SOURCE MATERIAL:
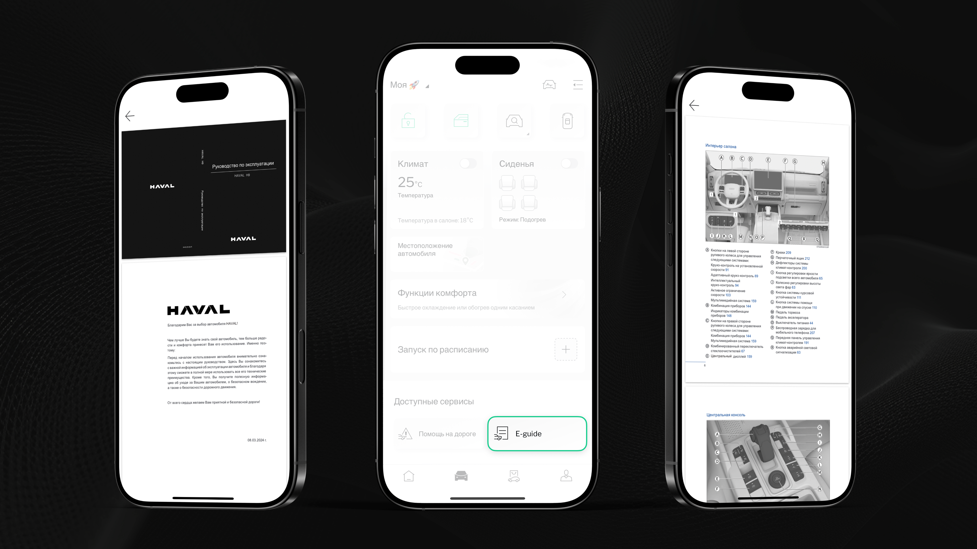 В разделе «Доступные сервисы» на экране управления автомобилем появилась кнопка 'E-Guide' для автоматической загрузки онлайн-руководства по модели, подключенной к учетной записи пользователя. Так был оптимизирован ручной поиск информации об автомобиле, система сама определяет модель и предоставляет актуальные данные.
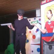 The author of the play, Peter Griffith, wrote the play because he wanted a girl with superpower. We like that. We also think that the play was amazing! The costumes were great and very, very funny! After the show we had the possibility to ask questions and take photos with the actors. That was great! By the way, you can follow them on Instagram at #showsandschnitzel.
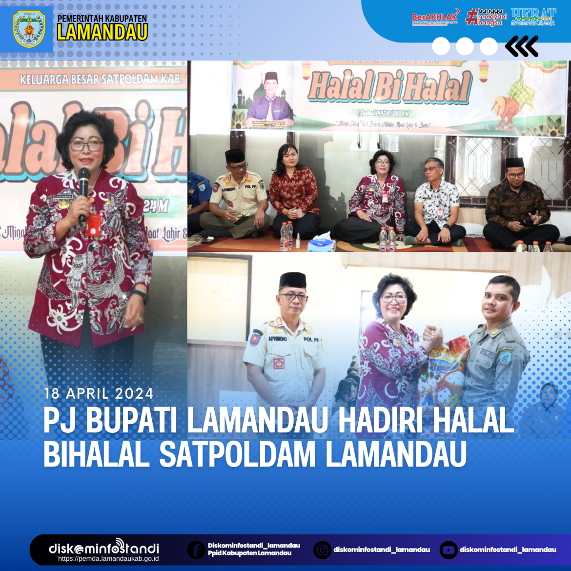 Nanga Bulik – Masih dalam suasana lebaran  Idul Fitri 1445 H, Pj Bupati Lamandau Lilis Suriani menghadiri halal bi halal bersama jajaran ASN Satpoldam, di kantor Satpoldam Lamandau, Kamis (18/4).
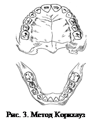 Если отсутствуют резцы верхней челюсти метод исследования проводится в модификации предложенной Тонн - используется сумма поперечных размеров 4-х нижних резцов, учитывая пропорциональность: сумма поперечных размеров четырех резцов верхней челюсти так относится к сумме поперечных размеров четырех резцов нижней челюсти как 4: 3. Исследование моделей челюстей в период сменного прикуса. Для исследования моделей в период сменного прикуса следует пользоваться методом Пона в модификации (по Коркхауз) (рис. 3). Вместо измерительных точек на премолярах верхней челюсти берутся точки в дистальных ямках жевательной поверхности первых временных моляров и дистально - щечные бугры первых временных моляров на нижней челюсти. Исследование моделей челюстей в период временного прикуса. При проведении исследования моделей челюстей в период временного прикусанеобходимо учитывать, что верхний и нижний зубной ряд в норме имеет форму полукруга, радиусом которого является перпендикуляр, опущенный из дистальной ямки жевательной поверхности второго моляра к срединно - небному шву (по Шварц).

TASK INSTRUCTIONS: Starting at the first line of the data, set down each line exactly until you have copied the line with "Nanga Bulik –", but leave the pictures out.

OUTPUT:
 В разделе «Доступные сервисы» на экране управления автомобилем появилась кнопка 'E-Guide' для автоматической загрузки онлайн-руководства по модели, подключенной к учетной записи пользователя. Так был оптимизирован ручной поиск информации об автомобиле, система сама определяет модель и предоставляет актуальные данные.
 The author of the play, Peter Griffith, wrote the play because he wanted a girl with superpower. We like that. We also think that the play was amazing! The costumes were great and very, very funny! After the show we had the possibility to ask questions and take photos with the actors. That was great! By the way, you can follow them on Instagram at #showsandschnitzel.
 Nanga Bulik – Masih dalam suasana lebaran  Idul Fitri 1445 H, Pj Bupati Lamandau Lilis Suriani menghadiri halal bi halal bersama jajaran ASN Satpoldam, di kantor Satpoldam Lamandau, Kamis (18/4).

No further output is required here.